Neural Network Architecture and Configuration

Given the structured nature of the data collected in these studies, we opted for fully connected dense neural networks (DNN). To build, train, and evaluate all of our DNN configurations, we employed the open source package Vulcan. DNNs allow us to capture complex, nonlinear relationships likely present in psychiatric data (e.g., mediation and moderation effects, which are unknown a priori). We limited our model’s learning capacity (with the use of a shallow network) to explore more of the solution space before finding an optimal location. Our optimal network had a single hidden layer with 17 nodes using the scaled exponential linear unit activation function (Klambauer, Unterthiner, Mayr, & Hochreiter, ), while the final prediction layer used the softmax function to determine remission probabilities. This simple structure provides insurance against overfitting. We one-hot encoded our response variable to create a multiclass problem that uses categorical cross-entropy as the optimizer cost function (Goodfellow et al., ). We used the Adam optimizer for learning the network parameters (Kingma & Ba, ) with a learning rate of 0.0001. To further help with model generalization, we used a 50% dropout rate (Srivastava, Hinton, Krizhevsky, Sutskever, & Salakhutdinov, ). During the evaluation phase, we used 10-fold cross-validation. Each fold allowed the model to train for 200 epochs. For each model trained, remission was considered the target prediction outcome. Once again, the variable “drug assigned” was included as part of the feature set to ensure that the DNN has an opportunity to learn how the drug assigned interacts with the 17 patient-level characteristics. Drug-specific remission probabilities were obtained from our final model by varying the drug assigned variable, holding other patient features constant.

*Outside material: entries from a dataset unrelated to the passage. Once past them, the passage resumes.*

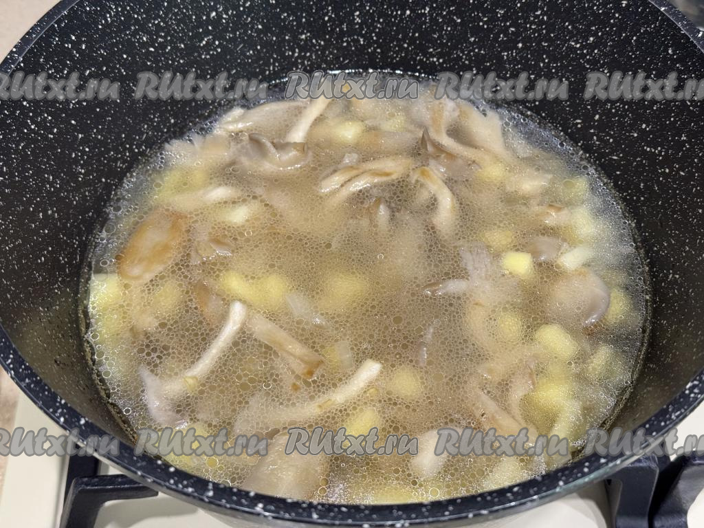 Дать воде закипеть, уменьшить огонь, варить грибной суп из вешенок 20 минут.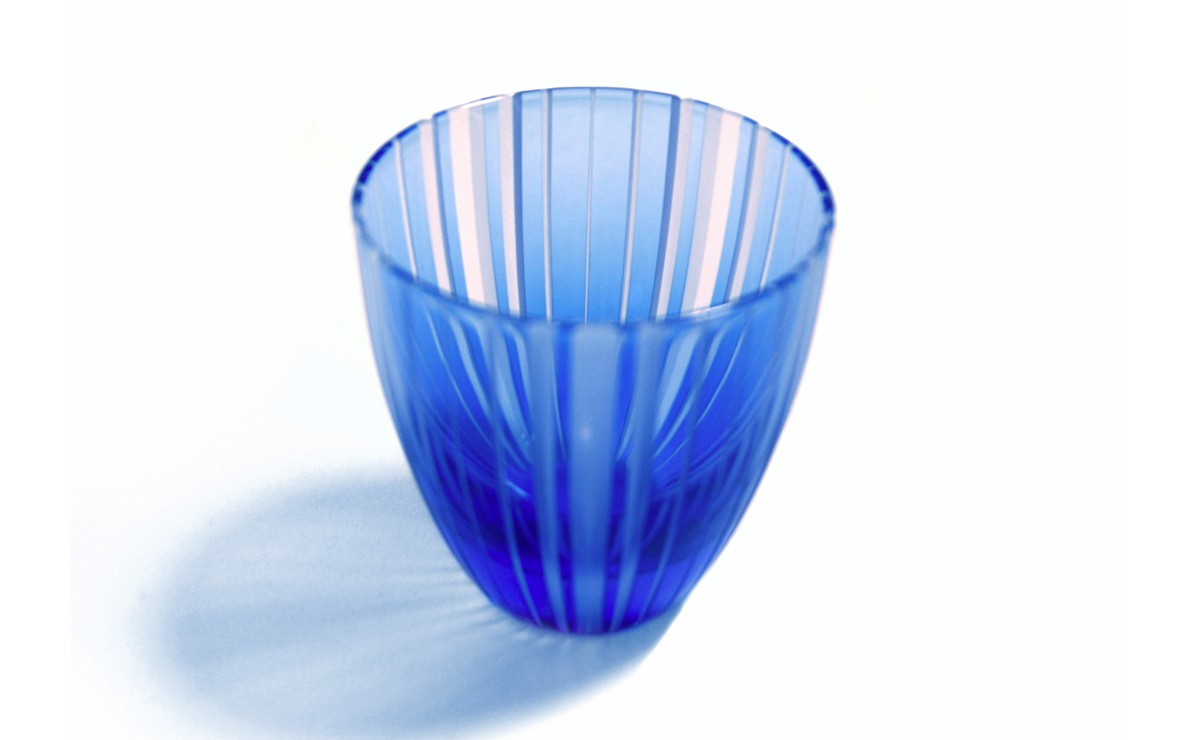 - 浅草切子 KANA KURITA「ぐい呑 滝縞 青藍/金赤<艶消し>」ペアセット 木箱入り| 切子 花切子 切子ガラス ガラス工芸 グラス ガラス コップ 手作り ぐい呑み 家飲み 酒器 ハンドメイド 手作り ギフト 贈答 プレゼント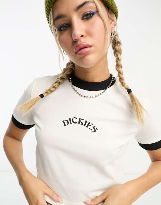 Dickies - Warm Springs - Kort T-shirt met centraal logo en contrasterende rand in gebroken wit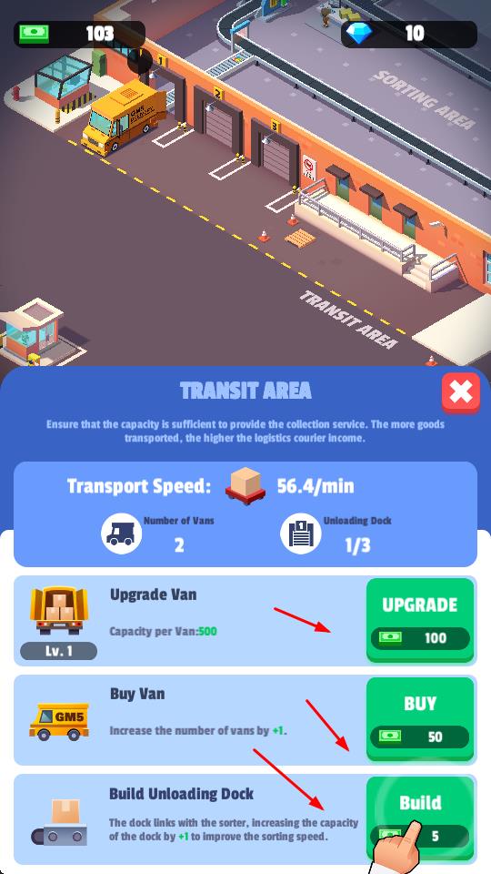 2、在轉(zhuǎn)運區(qū)域,能升級貨車,提升每輛貨車的容量;也可購買新貨車,增加貨車數(shù)量;還能建造卸貨碼頭,提升分揀速度,確保貨物運輸效率。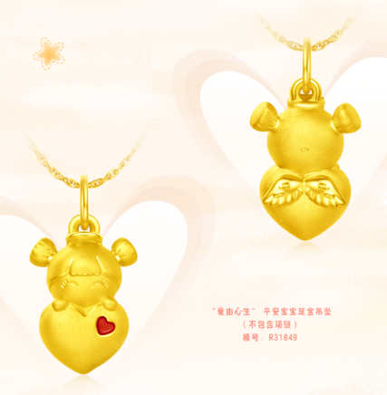 平安宝宝倚着爱心,将最圆满的爱带到身边,给儿童最美好的祝愿。(“爱由心生”平安宝宝足金吊坠)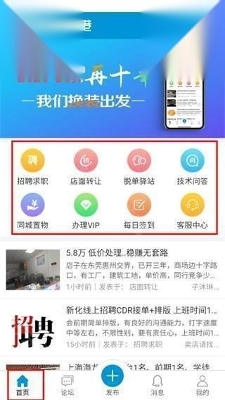 在本站完成安装后,打开软件进入“首页”界面。在这个页面上,用户能够浏览各类信息,像求职招聘、店铺转让、同城闲置物品交易等内容都能找到。而且页面中的信息会实时进行更新,确保用户获取到的都是最新动态。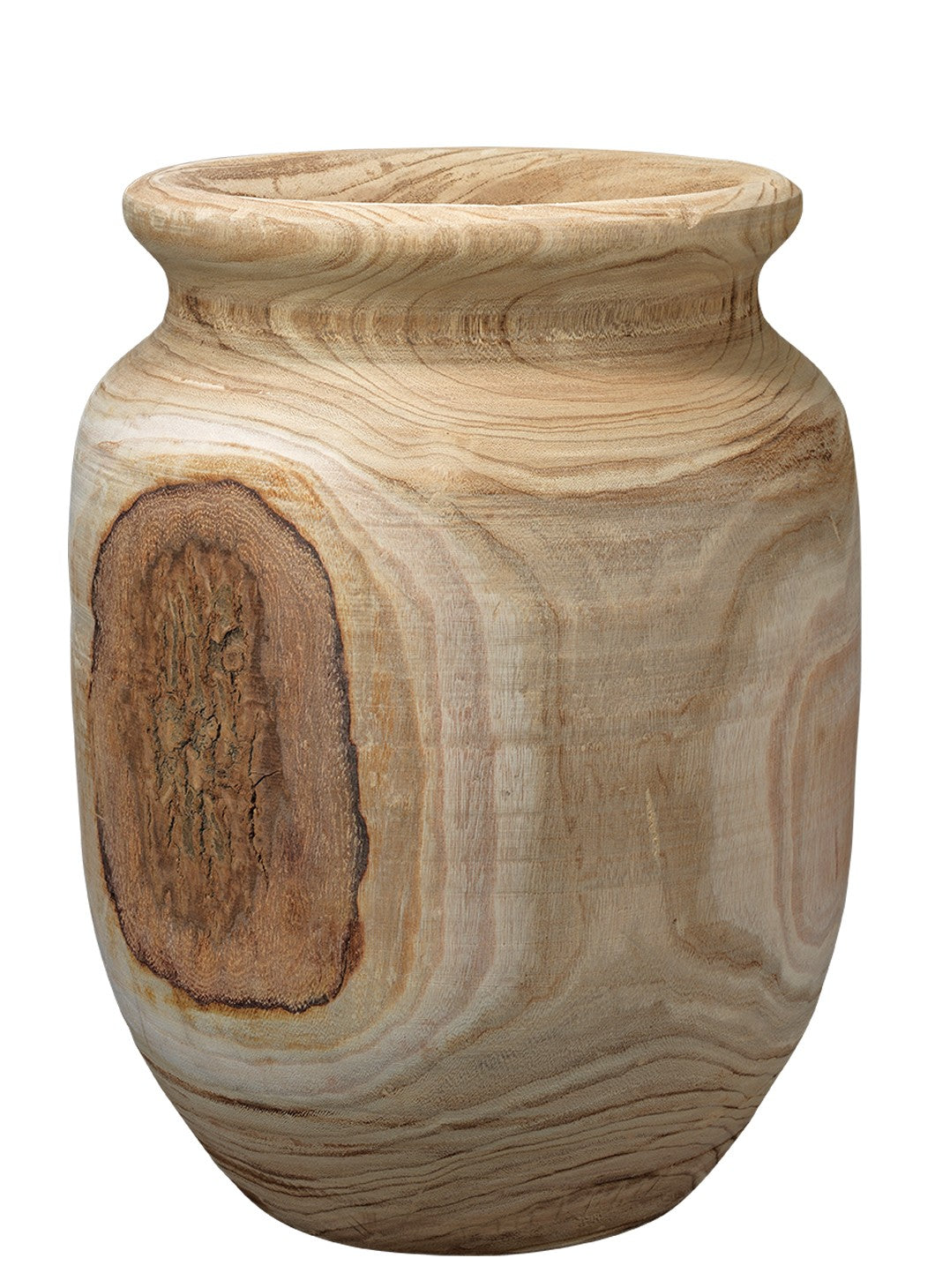 The Topanga Wooden Vase by Jamie Young is a versatile addition to any indoor or outdoor space. Carefully crafted from natural wood, this sculptural piece adds a touch of beauty to front porches, patios, or pool decks.

Note that we chose in this article to compare deep learning to the existing technique described by Chekroud et al. () to determine if it was a viable technique on this—and potentially similar—datasets. As such, there was no search over algorithm types, as we already had a comparator to deep learning available.

RESULTS

In our differential treatment prediction analysis, we conducted two separate experiments to determine the relative increase in population remission rates when using the treatment recommended by our model compared to the treatment patients were assigned in the study. These experiments were done on the combined CO-MED and STAR*D datasets using the same trained DNN model built after feature curation (section “Data Processing and Feature Selection”). After DNN training, the out-of-sample performance was 0.69 macro area under the curve (AUC), 0.70 macro positive predictive value (PPV), 0.70 macro negative predictive value (NPV), 0.72 macro sensitivity, 0.72 macro specificity on 10-fold cross-validation, and a 0.69 macro AUC, 0.60 macro sensitivity, 0.60 macro specificity, 0.63 macro NPV, and 0.63 macro PPV, indicating that the selected features could produce a useful model in a robust fashion.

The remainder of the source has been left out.